* Assigned task *
In the listing below, find the line containing "Глюкоза, L-аскорбиновая кислота, рутин, крахмал" and the line containing "En imagen de". Repeat exactly those two lines and every line between them.

* Supplied data *
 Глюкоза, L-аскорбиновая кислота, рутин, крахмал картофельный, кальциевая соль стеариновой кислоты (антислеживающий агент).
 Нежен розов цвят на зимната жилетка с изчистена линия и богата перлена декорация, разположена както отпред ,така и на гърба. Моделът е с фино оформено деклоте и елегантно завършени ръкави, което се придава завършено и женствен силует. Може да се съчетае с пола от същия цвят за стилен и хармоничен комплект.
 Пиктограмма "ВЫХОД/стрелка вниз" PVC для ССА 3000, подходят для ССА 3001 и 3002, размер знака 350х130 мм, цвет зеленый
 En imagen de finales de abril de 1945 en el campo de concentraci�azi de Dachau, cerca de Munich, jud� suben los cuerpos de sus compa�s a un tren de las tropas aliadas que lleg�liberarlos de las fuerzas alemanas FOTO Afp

...

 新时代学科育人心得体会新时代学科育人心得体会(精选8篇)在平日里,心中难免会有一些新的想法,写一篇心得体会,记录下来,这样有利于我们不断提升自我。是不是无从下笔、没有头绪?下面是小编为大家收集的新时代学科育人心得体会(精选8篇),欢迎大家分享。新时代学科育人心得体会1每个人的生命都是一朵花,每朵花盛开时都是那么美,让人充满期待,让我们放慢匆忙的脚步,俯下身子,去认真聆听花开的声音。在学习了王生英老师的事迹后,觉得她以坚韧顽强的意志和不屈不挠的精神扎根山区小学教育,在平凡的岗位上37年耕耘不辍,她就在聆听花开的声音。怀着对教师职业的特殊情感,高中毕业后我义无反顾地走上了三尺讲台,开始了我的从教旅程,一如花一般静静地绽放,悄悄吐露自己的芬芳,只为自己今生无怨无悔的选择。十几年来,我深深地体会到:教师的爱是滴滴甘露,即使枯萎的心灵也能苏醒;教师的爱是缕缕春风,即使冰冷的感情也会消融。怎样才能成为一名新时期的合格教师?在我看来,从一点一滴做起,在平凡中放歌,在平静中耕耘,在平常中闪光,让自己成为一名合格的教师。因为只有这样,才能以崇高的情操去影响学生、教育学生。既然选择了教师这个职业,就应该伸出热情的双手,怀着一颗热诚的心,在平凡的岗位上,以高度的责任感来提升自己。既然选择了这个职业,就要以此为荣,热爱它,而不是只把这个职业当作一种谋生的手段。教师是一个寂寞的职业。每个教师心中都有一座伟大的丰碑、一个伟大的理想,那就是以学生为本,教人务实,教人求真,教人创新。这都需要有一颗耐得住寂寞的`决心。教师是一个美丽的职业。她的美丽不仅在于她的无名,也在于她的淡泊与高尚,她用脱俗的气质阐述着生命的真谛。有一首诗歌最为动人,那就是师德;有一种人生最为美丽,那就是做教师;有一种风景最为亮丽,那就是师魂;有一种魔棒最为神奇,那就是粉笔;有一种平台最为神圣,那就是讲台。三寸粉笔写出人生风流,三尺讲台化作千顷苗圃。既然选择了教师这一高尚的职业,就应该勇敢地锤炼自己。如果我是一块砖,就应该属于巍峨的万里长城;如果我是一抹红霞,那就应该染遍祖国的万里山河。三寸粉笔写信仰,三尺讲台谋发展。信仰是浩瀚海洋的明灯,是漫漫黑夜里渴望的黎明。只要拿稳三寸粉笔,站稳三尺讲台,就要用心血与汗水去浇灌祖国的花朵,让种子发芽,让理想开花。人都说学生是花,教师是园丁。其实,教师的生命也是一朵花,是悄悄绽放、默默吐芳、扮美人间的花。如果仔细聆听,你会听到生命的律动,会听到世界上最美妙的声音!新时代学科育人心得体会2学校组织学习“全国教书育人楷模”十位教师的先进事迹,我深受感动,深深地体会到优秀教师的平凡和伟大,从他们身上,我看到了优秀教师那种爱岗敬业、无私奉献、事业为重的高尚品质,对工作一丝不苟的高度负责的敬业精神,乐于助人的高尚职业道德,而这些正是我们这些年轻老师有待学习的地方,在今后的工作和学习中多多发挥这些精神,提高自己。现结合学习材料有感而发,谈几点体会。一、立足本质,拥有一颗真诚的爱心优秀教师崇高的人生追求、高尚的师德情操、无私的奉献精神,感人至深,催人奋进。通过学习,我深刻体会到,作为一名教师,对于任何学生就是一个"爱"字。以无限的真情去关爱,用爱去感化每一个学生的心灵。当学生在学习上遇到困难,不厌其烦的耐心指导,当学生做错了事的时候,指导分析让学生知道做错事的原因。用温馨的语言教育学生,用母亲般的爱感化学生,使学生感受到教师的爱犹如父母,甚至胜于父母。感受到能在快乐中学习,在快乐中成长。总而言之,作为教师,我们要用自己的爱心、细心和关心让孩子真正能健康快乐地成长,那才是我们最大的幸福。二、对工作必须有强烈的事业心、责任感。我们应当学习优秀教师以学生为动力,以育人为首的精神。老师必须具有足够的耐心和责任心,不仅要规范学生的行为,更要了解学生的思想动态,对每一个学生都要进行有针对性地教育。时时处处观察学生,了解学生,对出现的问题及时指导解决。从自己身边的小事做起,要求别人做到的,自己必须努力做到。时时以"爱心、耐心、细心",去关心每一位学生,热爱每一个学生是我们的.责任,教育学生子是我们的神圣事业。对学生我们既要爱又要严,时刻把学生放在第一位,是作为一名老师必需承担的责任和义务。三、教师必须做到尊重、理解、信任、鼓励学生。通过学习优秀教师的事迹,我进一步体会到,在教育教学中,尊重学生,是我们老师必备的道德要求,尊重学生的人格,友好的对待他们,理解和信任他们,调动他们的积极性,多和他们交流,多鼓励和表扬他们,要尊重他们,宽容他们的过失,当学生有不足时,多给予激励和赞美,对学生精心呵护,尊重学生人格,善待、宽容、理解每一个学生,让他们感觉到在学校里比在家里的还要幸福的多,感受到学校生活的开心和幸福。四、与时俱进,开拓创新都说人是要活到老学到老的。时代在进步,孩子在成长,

* Reply *
 Глюкоза, L-аскорбиновая кислота, рутин, крахмал картофельный, кальциевая соль стеариновой кислоты (антислеживающий агент).
 Нежен розов цвят на зимната жилетка с изчистена линия и богата перлена декорация, разположена както отпред ,така и на гърба. Моделът е с фино оформено деклоте и елегантно завършени ръкави, което се придава завършено и женствен силует. Може да се съчетае с пола от същия цвят за стилен и хармоничен комплект.
 Пиктограмма "ВЫХОД/стрелка вниз" PVC для ССА 3000, подходят для ССА 3001 и 3002, размер знака 350х130 мм, цвет зеленый
 En imagen de finales de abril de 1945 en el campo de concentraci�azi de Dachau, cerca de Munich, jud� suben los cuerpos de sus compa�s a un tren de las tropas aliadas que lleg�liberarlos de las fuerzas alemanas FOTO Afp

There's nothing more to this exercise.